Find the line with "I MATEMATICI per" in the data below. Repeat it and every line after it up to the end, exactly, but drop the pictures.

- **Provided entries**
......
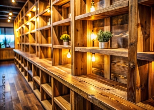 Rustic Wooden Shelf Unit with Multiple Shelves - High-Resolution Stock Photo
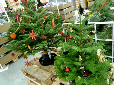 いとこも後日売り場で実物を見てみたのですが、とりあえず根元の木の部分が極端に短いものは、ヒモをほどいてもあまりツリーっぽいスタイルにはならないのではないかと思いました。でも、あの山積みされてる中から形の良さそうなものを選ぶのは至難の業!
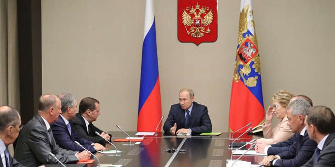 بحث الرئيس الروسي فلاديمير بوتين مع أعضاء مجلس الأمن القومي الروسي المسائل المتعلقة بأمن العسكريين الروس في سورية إثر إسقاط الطائرة الروسية إيل20.
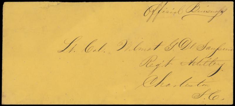 "Official Business" to Gen. Wilmot Gibbes DeSuassure. Manuscript endorsement on legal-size orange cover privately carried to Lt. Col. Wilmot G. De Suassure, Reg't Artillery, Charleston S.C.; small opening tears and part of flap missing, F.-V.F. Estimate; $100 - 150.
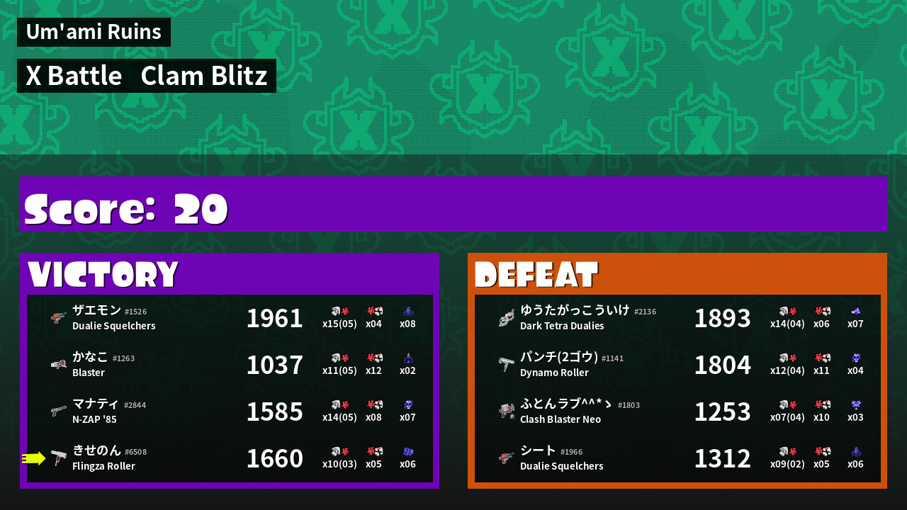 | Medals | #1 Ground Traveler #1 Tenta Missiles User #2 Clam Carrier | ||
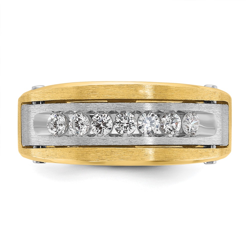 IB Goodman 14k Two-tone Mens Polished Satin and Grooved 7-Stone 1/2 Carat AA Diamond Ring
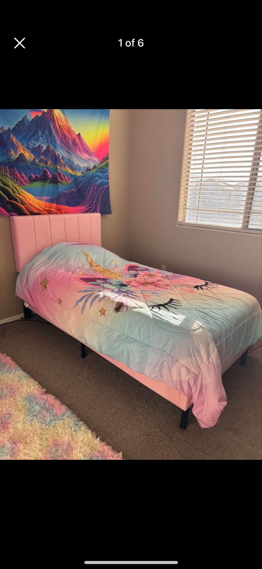 Like new! Plastic still on the mattresses. Bed frames are pink velvet with wood slats, pull out fabric drawers dresser. (Set of two each) Selling together. Moving out of state. I’ll throw in the rugs, and nightstands too! Smoke free home, pet free home. You must disassemble and pick up.
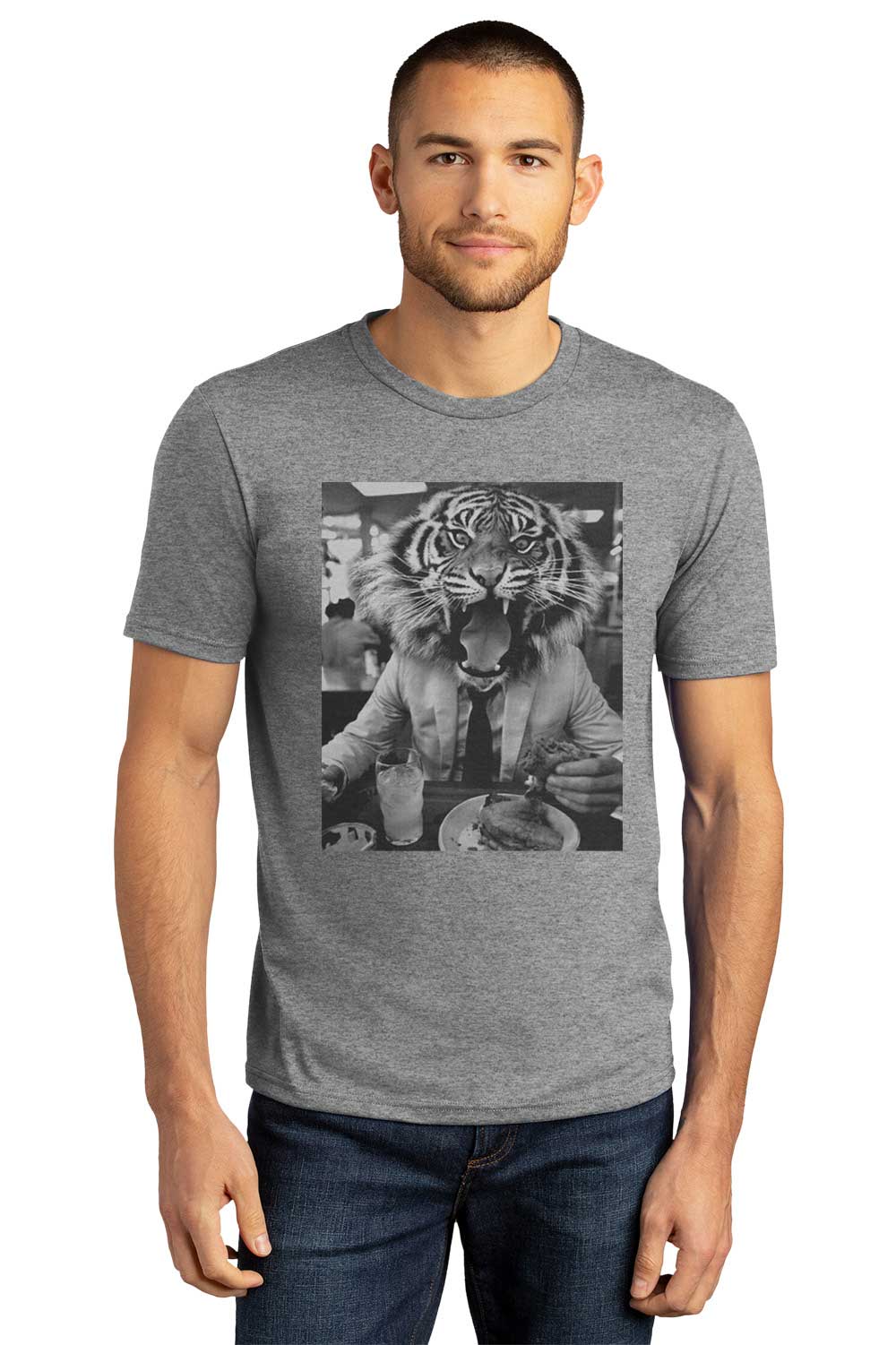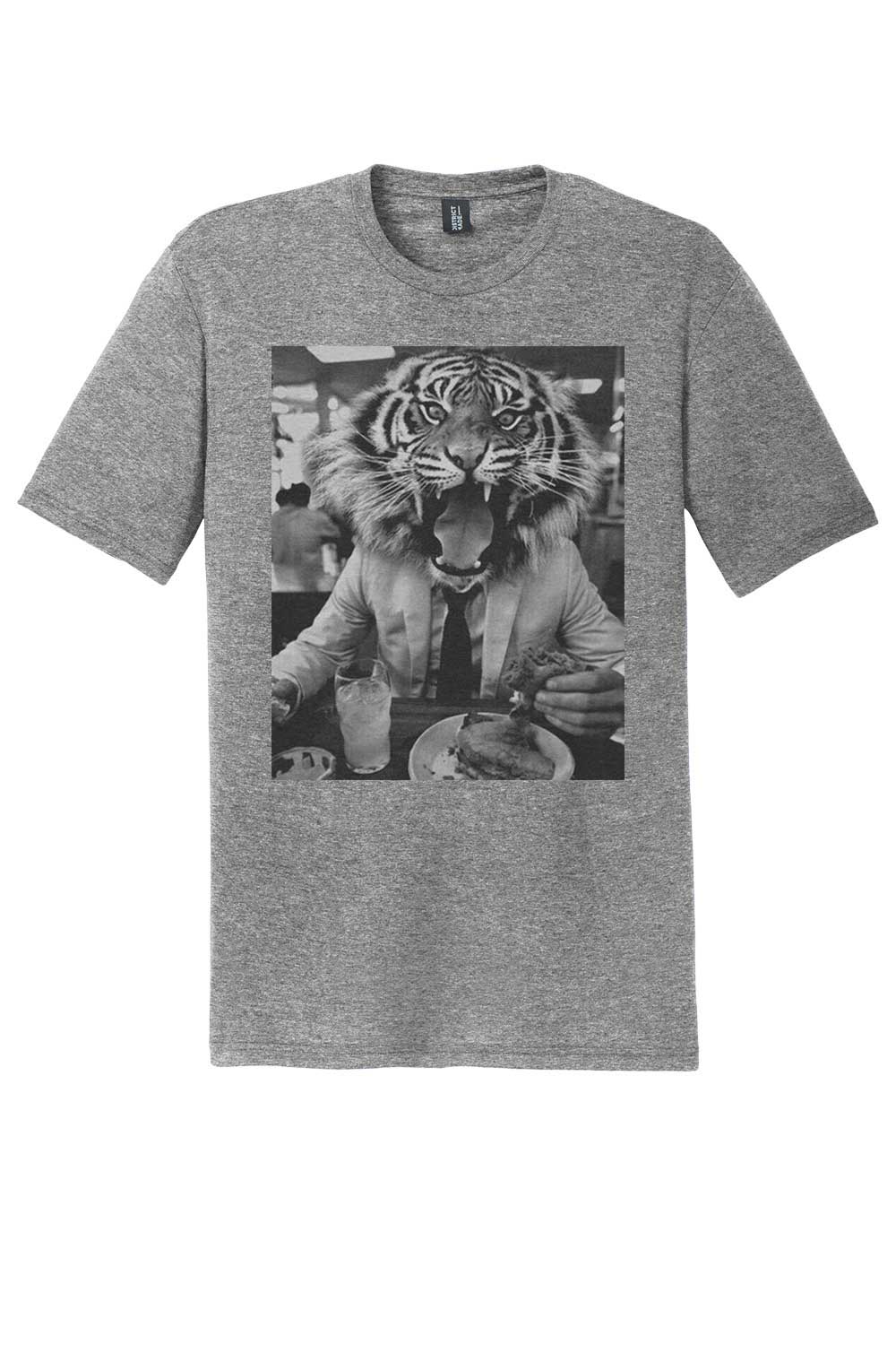 Make a statement with the Tigers Who Lunch Graphic Tee, a bold and stylish addition to your wardrobe. Printed on a heathered gray Frost T-shirt, this design features a striking black-and-white graphic of a tiger in a sharp suit, caught mid-bite at the table. The image blends sophistication with raw, untamed energy, perfectly capturing The Blind Tiger’s signature vibe.
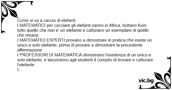 I MATEMATICI per cacciare gli elefanti vanno in Africa, buttano fuori tutto quello che non e’ un elefante e catturano un esemplare di quello che rimane.
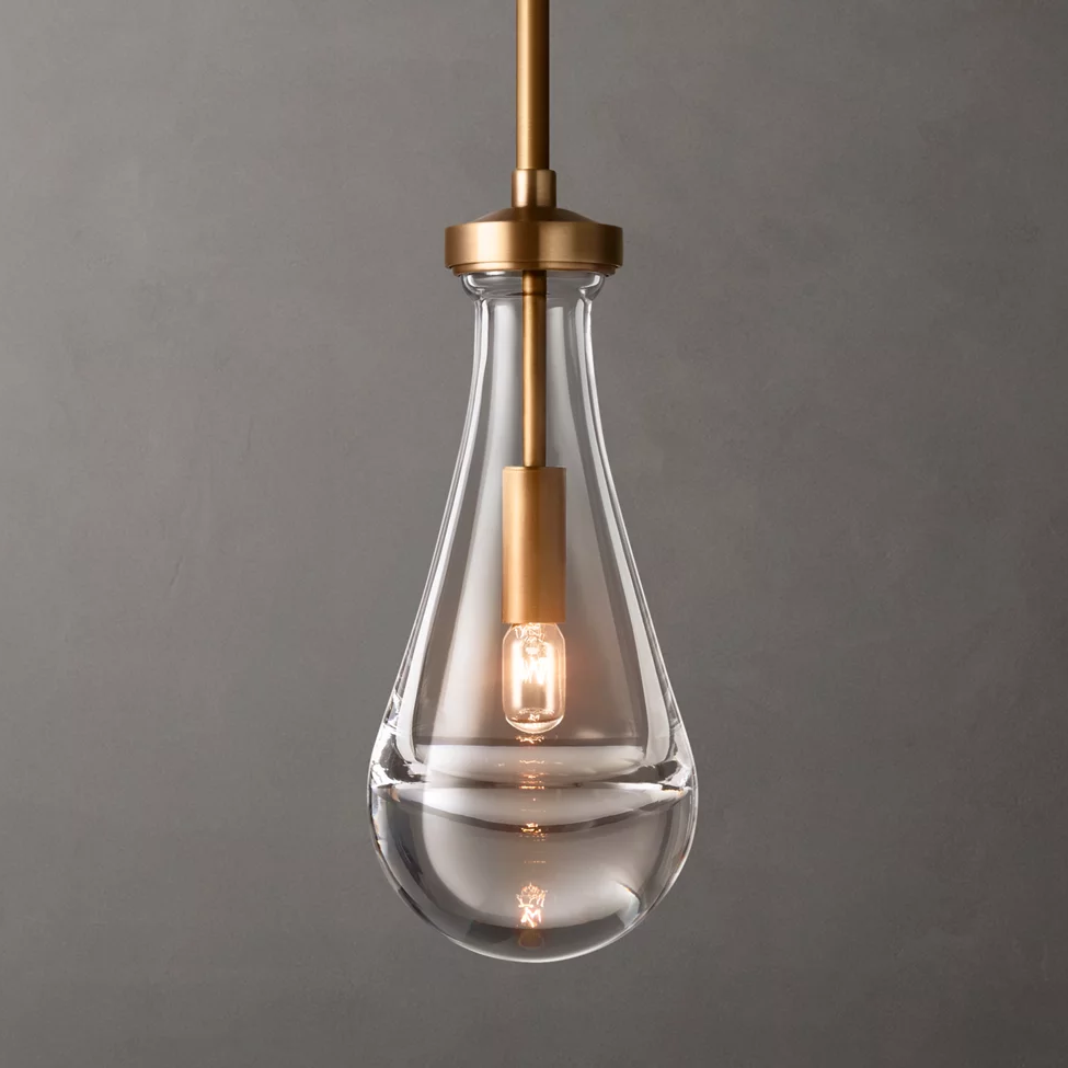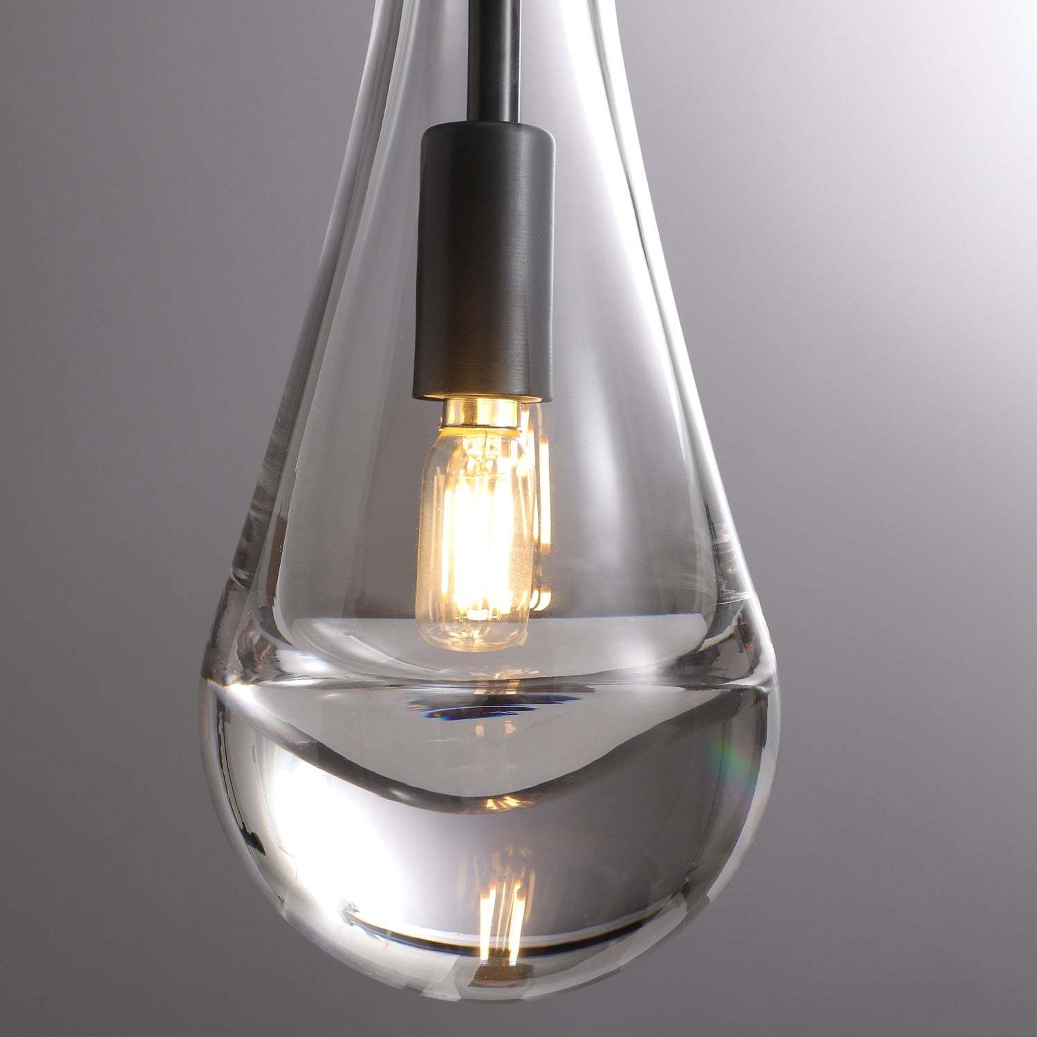 Inspired by the stillness of rainfall, the Raindrop collection brings a sense of calm and fluidity to any space. Hand-blown glass droplets, suspended by slender black cords or mounts, cast soft, rippling reflections across walls and ceilings.
......
- **Result of the task**
 I MATEMATICI per cacciare gli elefanti vanno in Africa, buttano fuori tutto quello che non e’ un elefante e catturano un esemplare di quello che rimane.
 Inspired by the stillness of rainfall, the Raindrop collection brings a sense of calm and fluidity to any space. Hand-blown glass droplets, suspended by slender black cords or mounts, cast soft, rippling reflections across walls and ceilings.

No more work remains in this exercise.